Google's Site Reliability Engineering (SRE) team combines software and systems engineering to build and maintain large-scale, distributed, fault-tolerant systems. As an SRE II, you'll be responsible for ensuring Google Cloud's services maintain optimal reliability and uptime while managing capacity and performance. The role involves complex problem-solving at scale, unique to Google Cloud's infrastructure.
The position requires strong coding skills, understanding of algorithms, and system design capabilities. You'll work on optimizing existing systems, building infrastructure, and creating automation solutions. The team values diversity, intellectual curiosity, and collaborative problem-solving in a blame-free environment.
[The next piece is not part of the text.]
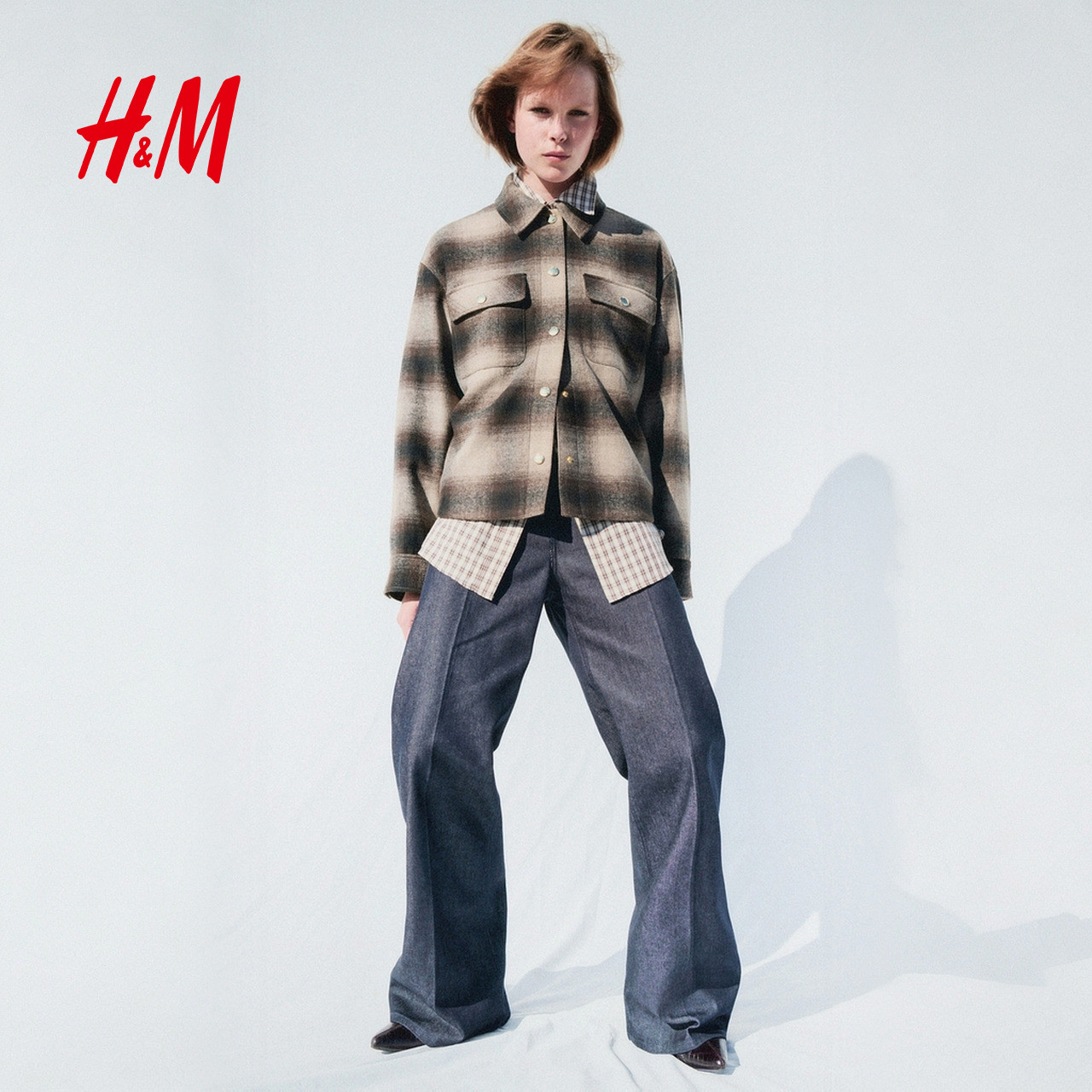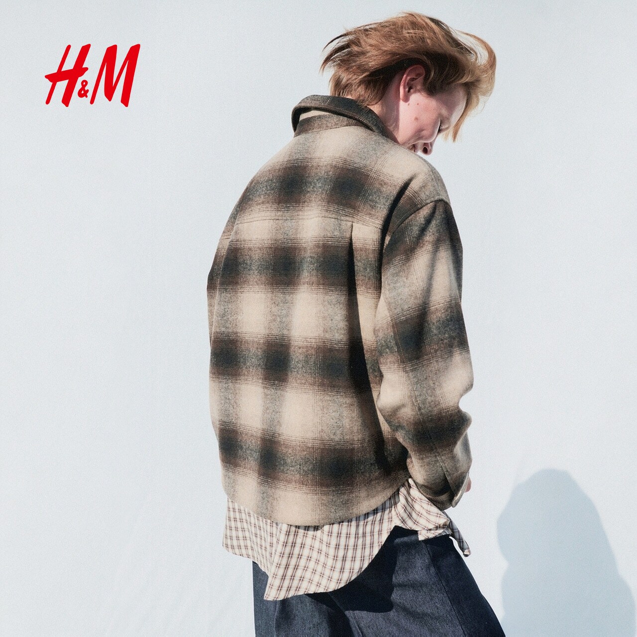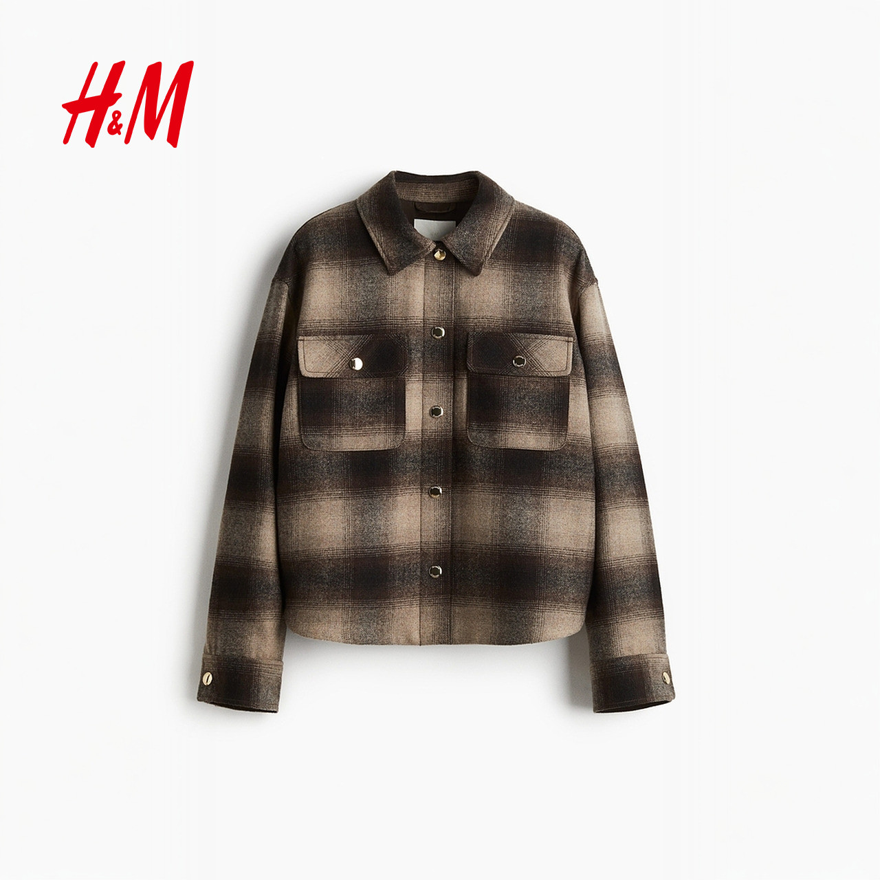 HM女装短外套春季法式格纹大廓形格子衬衣式夹克 1284765

Google offers a supportive environment for learning and growth, encouraging self-direction while providing necessary mentorship. The role presents an opportunity to work on meaningful projects that directly impact Google's critical infrastructure and customer-facing services.
The ideal candidate should have experience with distributed systems, a strong foundation in computer science, and a passion for system reliability and automation. You'll be part of a team that manages some of the world's largest computing systems while contributing to Google's engineering excellence.
Working at Google means joining a company committed to diversity, equal opportunity, and creating a culture of belonging. The role offers the chance to work with cutting-edge technology while collaborating with some of the industry's brightest minds in system reliability and infrastructure engineering.